Я взглянул в воздушную пропасть и сразу же выбросился.
В тот же момент пустил в ход привязанный толстыми шнурами к левой руке выверенный секундомер.
Сразу же вслед за мной выпрыгнул и Евдокимов.
Подношу секундомер к глазам — прошло всего 15 секунд. Ищу глазами товарища Евдокимова и значительно выше себя вижу его сильно кувыркающимся.
Лечу 45 секунд. До земли еще далеко.
Начинаю делать сальто. Как можно больше прогибаю спину в пояснице и широко раскидываю ноги. Когда прекращаю сальто, падаю вниз головой и ясно различаю знакомые контуры земли.
Определяю на-глаз расстояние. Думая, что осталось не более 500 метров, правой рукой нащупываю вытяжное кольцо, вынимаю его из карманчика и дергаю. В тот же момент останавливаю секундомер.
Сильный рывок, от которого темнеет в глазах, останавливает мое падение. Может быть, на секунду-две теряю сознание. Перед глазами в тумане проносятся тысячи разноцветных шариков. В ушах острая, режущая боль.
Опускаюсь в центр аэродрома. Отстегиваю парашют и долго еще не могу придти в себя. Боль в ушах не утихает.
Подъехала санитарная машина. Доктор продувает мне уши, и боль моментально прекращается. Тотчас же чувствую себя гораздо лучше. Тут только вспоминаю о Евдокимове и вижу, как он на раскрытом парашюте спускается невдалеке от аэродрома.

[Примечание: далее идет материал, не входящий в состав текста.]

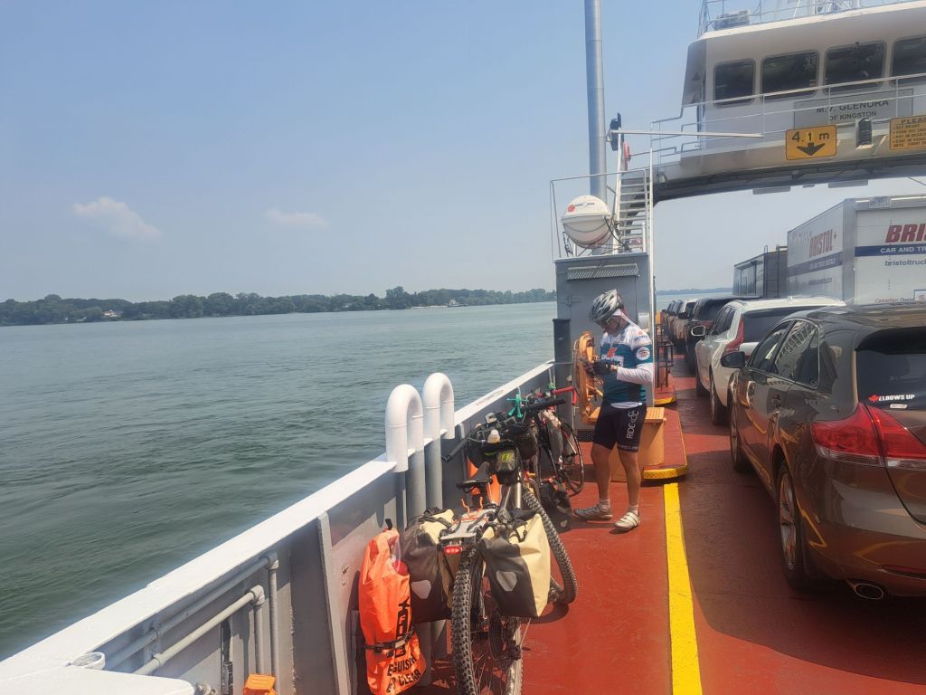 There was also another fun ferry ride today. This guy near my bike was riding with 200 other people on a fundraiser ride from Toronto to Montreal for the week. He was quite thrilled because he believed himself to be the first of the 200, and no other bikers got on the ferry with which put him 15 minutes or more ahead of everyone. He also seemed quite proud of the fact that they were doing 120 km today. I didn’t burst his bubble but simply smiled and told him to have a good ride as we pedaled off the ferry, and I continued my 135 km day with a fully loaded bike and fat tires.

Держа в руке мой секундомер, справляюсь у членов комиссии, сколько я падал.
— Шестьдесят две секунды.
Мой секундомер показывает 61,5 секунды.
После окончательной проверки оказалось, что выбросился я из самолета на высоте 3 570 метров и раскрыл парашют в 400 метрах от земли. Таким образом, я пролетел 3 170 метров за 61,5 секунды. Товарищ Евдокимов раскрыл парашют на сорок восьмой секунде. Он попал в штопорное положение и не мог из него выйти.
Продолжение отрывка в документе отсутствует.